Deep Reinforcement Learning Algorithms

Disclaimer: Udacity provided some starter code, but the implementation for these concepts are done by myself. Please contact [email protected] for any questions.

Note: Please refer to the instructions on how to download the dependencies for these projects here.

Certificate of Completion

https://confirm.udacity.com/XLGDCKNX

Project Reports

Summary

Deep reinforcement learning (deep RL) is a subfield of machine learning that combines reinforcement learning (RL) and deep learning. RL considers the problem of a computational agent learning to make decisions by trial and error. Deep RL incorporates deep learning into the solution, allowing agents to make decisions from unstructured input data without manual engineering of the state space. Deep RL algorithms are able to take in very large inputs (e.g. every pixel rendered to the screen in a video game) and decide what actions to perform to optimize an objective (eg. maximizing the game score).
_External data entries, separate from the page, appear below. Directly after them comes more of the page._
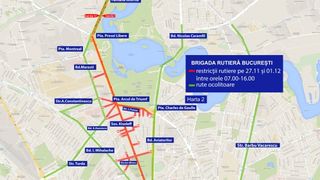 Joi, in intervalul orar 04.00- 16.00, este fi inchisa circulatia pe axul central al Soselei Kiseleff si pe banda I de circulatie, pe tronsonul cuprins intre Piata Presei Libere si Piata Arcul de Triumf, pe banda I pe Soseaua Bucuresti-Ploiesti, sensul de mers Piata Presei Libere catre Fantana Miorita, precum si pe banda IV a Soselei Bucuresti-Ploiesti, sensul de mers Fantana Miorita catre Piata Presei Libere, potrivit Brigazii Rutiere a Capitalei, relateaza News.ro.
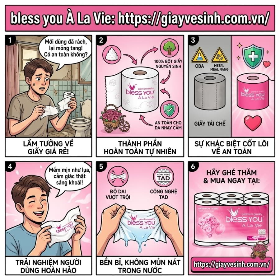 Nhiều người có một lầm tưởng chết người: “Giấy vệ sinh nào cũng giống nhau, cứ rẻ là mua, càng trắng càng sạch”. Đây là một thiên kiến nhận thức vô cùng sai lầm. Giấy quá trắng thường chứa đầy hóa chất tẩy quang học (OBA), trong khi giấy quá rẻ thường làm từ bột giấy tái chế bẩn. Đó là lý do tại sao Bless You, dù không phải là thương hiệu rẻ nhất thị trường, lại luôn là sự lựa chọn hàng đầu của những người tiêu dùng thông thái và các doanh nghiệp khắt khe.
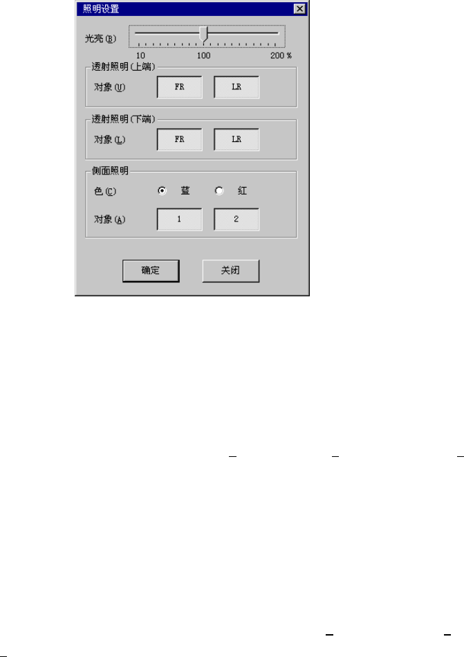 第 2 部 功能详细编 第 9 章 手动控制 (3) 控制按钮 利用控制按钮来执行控制项目。 控制按钮的显示因控制项目而异。 ① 透射照明、侧面照明、下方照明、同轴落射照明、全照明 选择控制项目后,再选择“ON(1)”按钮、“OFF(2)”按钮、 “ON/OFF(3)”按钮或按下“F3” 键、“F4”键、“F5”键来进行控制。 选择控制项目后,再选择“设定(4)”按钮或按下“F6”键,显示照明设定画面。 在照明设定画面中可选择照明与光量…
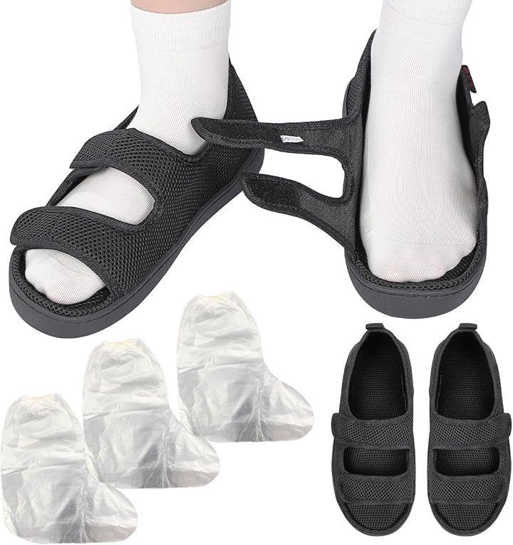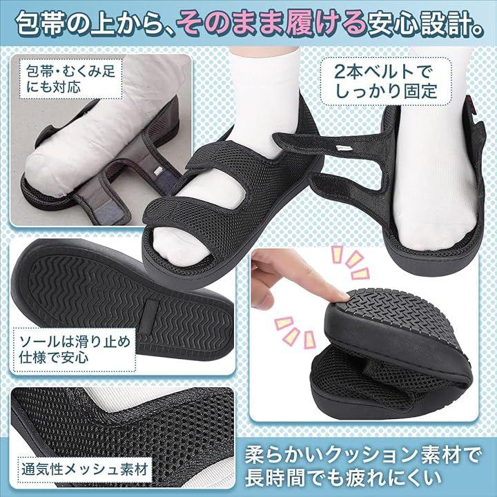 「商品詳細」 <セット内容>ギプスシューズ、防水カバーx3枚 <素材>シューズ:メッシュ・合成素材/カバー:PE <ベルト>調整ベルト2本 <サイズ>XS(23.5–24.0cm)、S(24.5–25.0cm)、M(25.5–26.0cm)、L(26.5–27.0cm)、XL(27.5–28.0cm)/カバー:約38x50cm <用途>介護・リハビリ・入院・外出・ケガの保護など
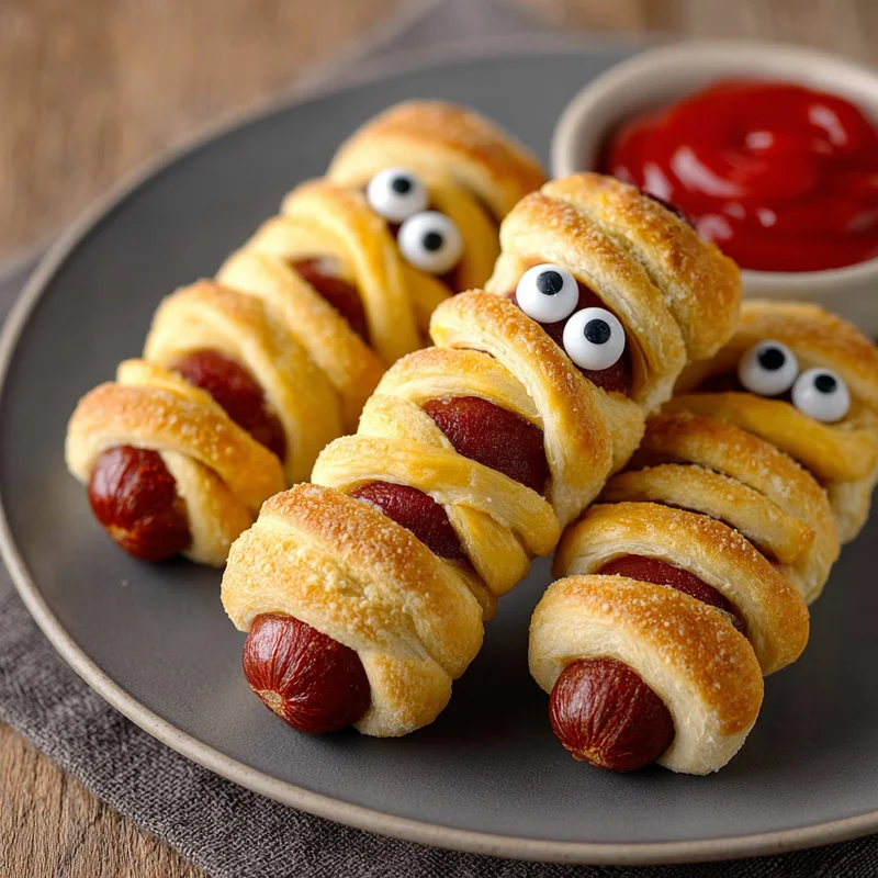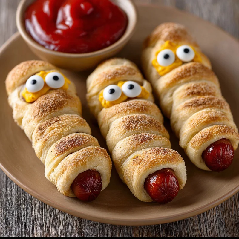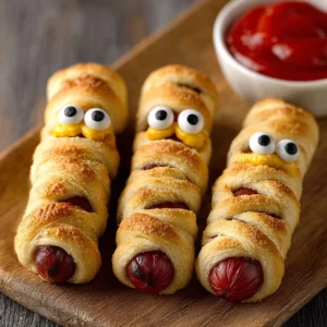 - Prep Ahead: You can wrap the hot dogs and place them on the baking sheet a few hours before you plan to bake them. Cover them loosely with plastic wrap and keep them in the refrigerator. Just add the eyes right before serving!
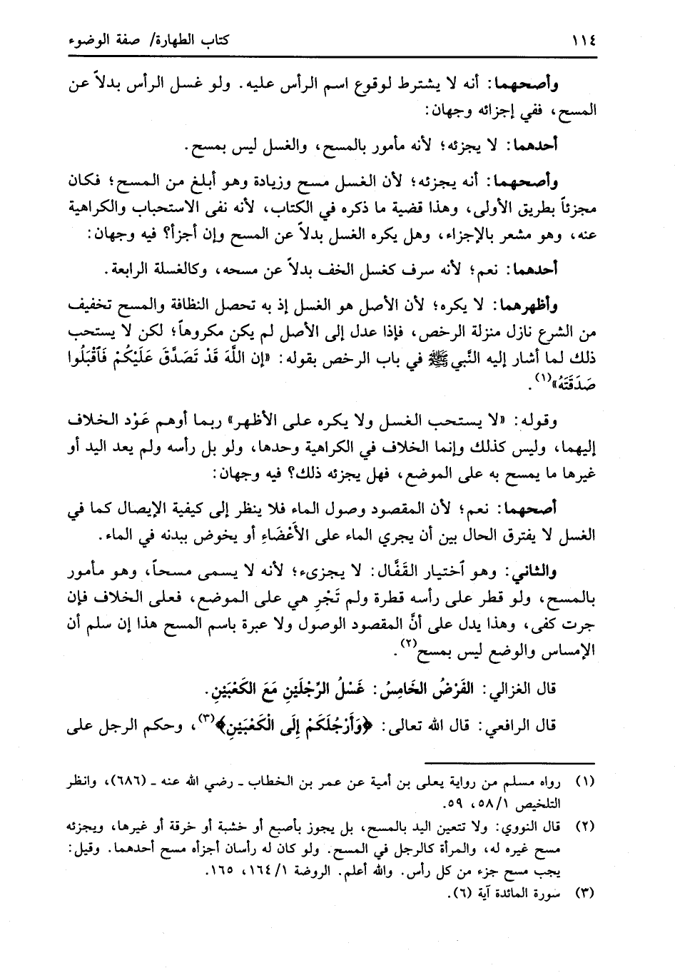 قال الغزالي: الفَرْضُ الخَامِسُ: غَسْلُ الرِّجْلَيْنِ مَعَ الكَعْبَيْنِ.
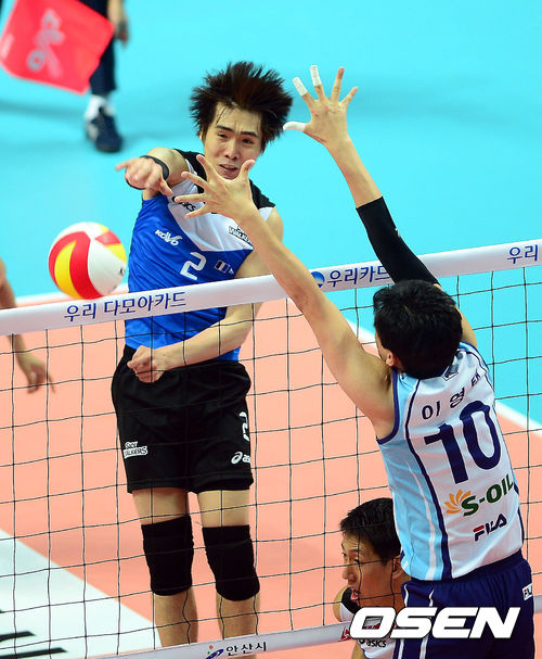 23일 오후 경기도 안산시 상록수체육관에서 열린 '2013 안산-우리카드컵 프로배구대회' 남자부 대한항공-현대캐피탈의 경기, 2세트 현대캐피탈 강선수가 대각선 공격을 시도하고 있다.
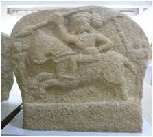 | Description / विवरण | A memorial stone representing a male warrior sitting over a galopping horse possibly fighting. The hero holds in his uplifted right hand a long spear. Behind the horse is a male figure holding an umbrella on the head of the hero. At the extreme right of the panel a female figure posibly the wife of the warrior is depicting. |
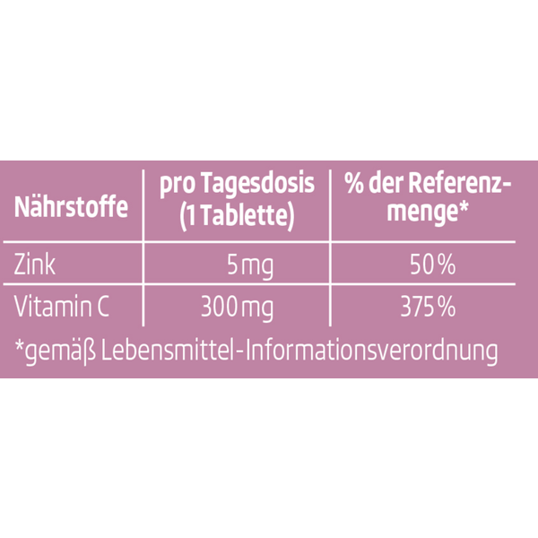 Zink ist ein Spurenelement, das im Stoffwechsel wichtige Funktionen erfüllt und Bestandteil von zahlreichen Enzymen ist. Zink trägt zu einer normalen Zellteilung und zusammen mit Vitamin C zum Schutz der Zellbestandteile vor oxidativem Stress bei.
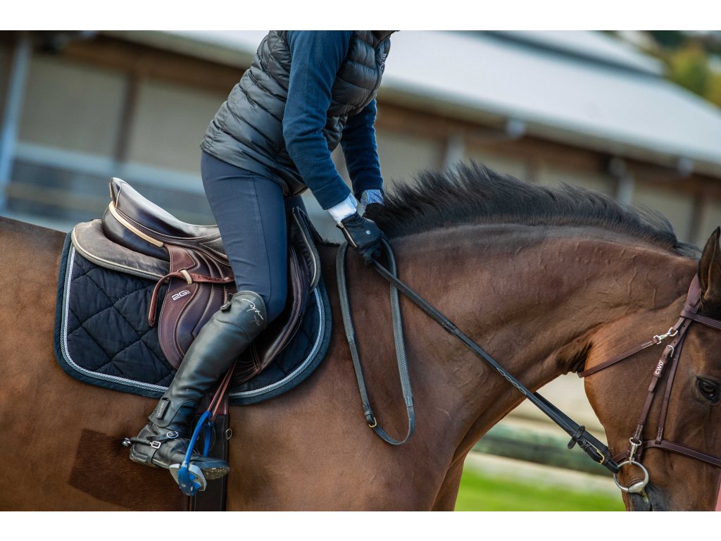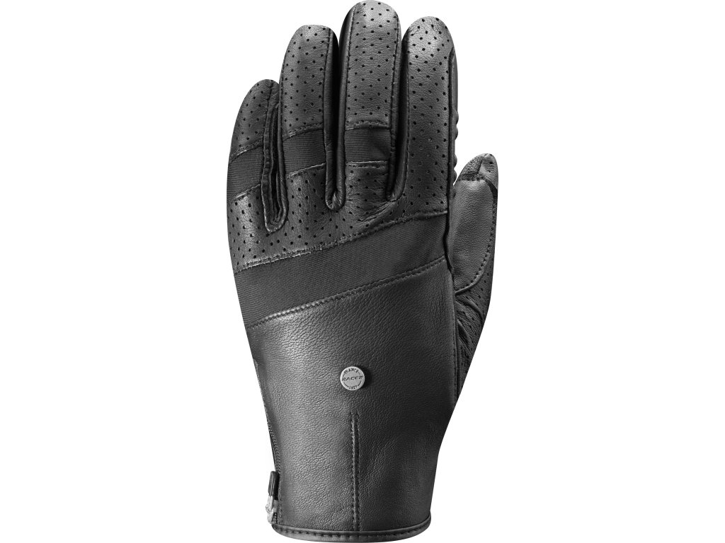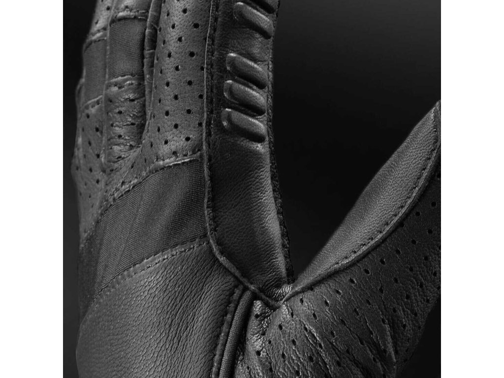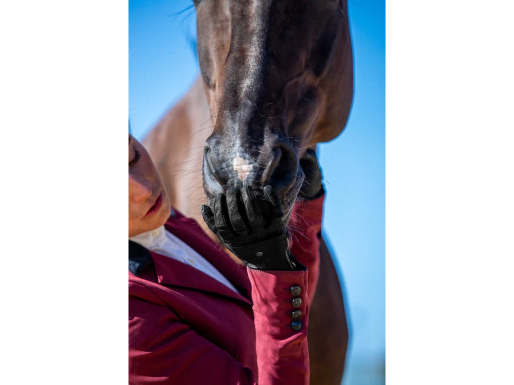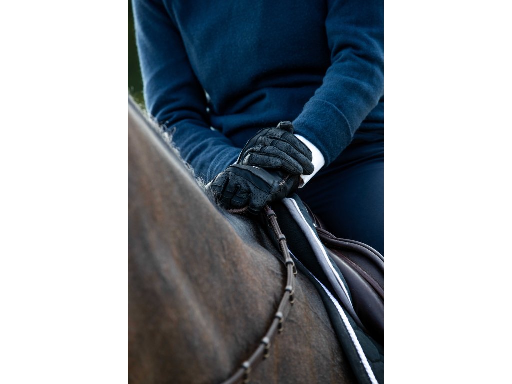 Kvalitní rukavice jsou vyrobeny z prémiové kůže, která zajišťuje přirozený a jistý úchop otěží. Kožené výztuhy zvyšují odolnost, zatímco perforace na prstech umožňují účinné odvětrávání a odvod potu. Elastické vložky z lycry v oblasti kloubů poskytují vysokou flexibilitu a pohodlí. Přiléhavý střih je doplněn zapínáním na zip. Protiskluzový efekt zajišťuje pět silikonových polštářků na ukazováku a dotykový materiál umožňuje ovládání dotykových zařízení.

Deep reinforcement learning has been used for a diverse set of applications including but not limited to robotics, video games, natural language processing, computer vision, education, transportation, finance and healthcare [1].

The following projects focuses on model free reinforcement learning, where the agent has no concept of how its current action will affect its next state. In more technical terms, this family of algorithms do not use the Transition Probability Distribution associated with the Markov Decision Process.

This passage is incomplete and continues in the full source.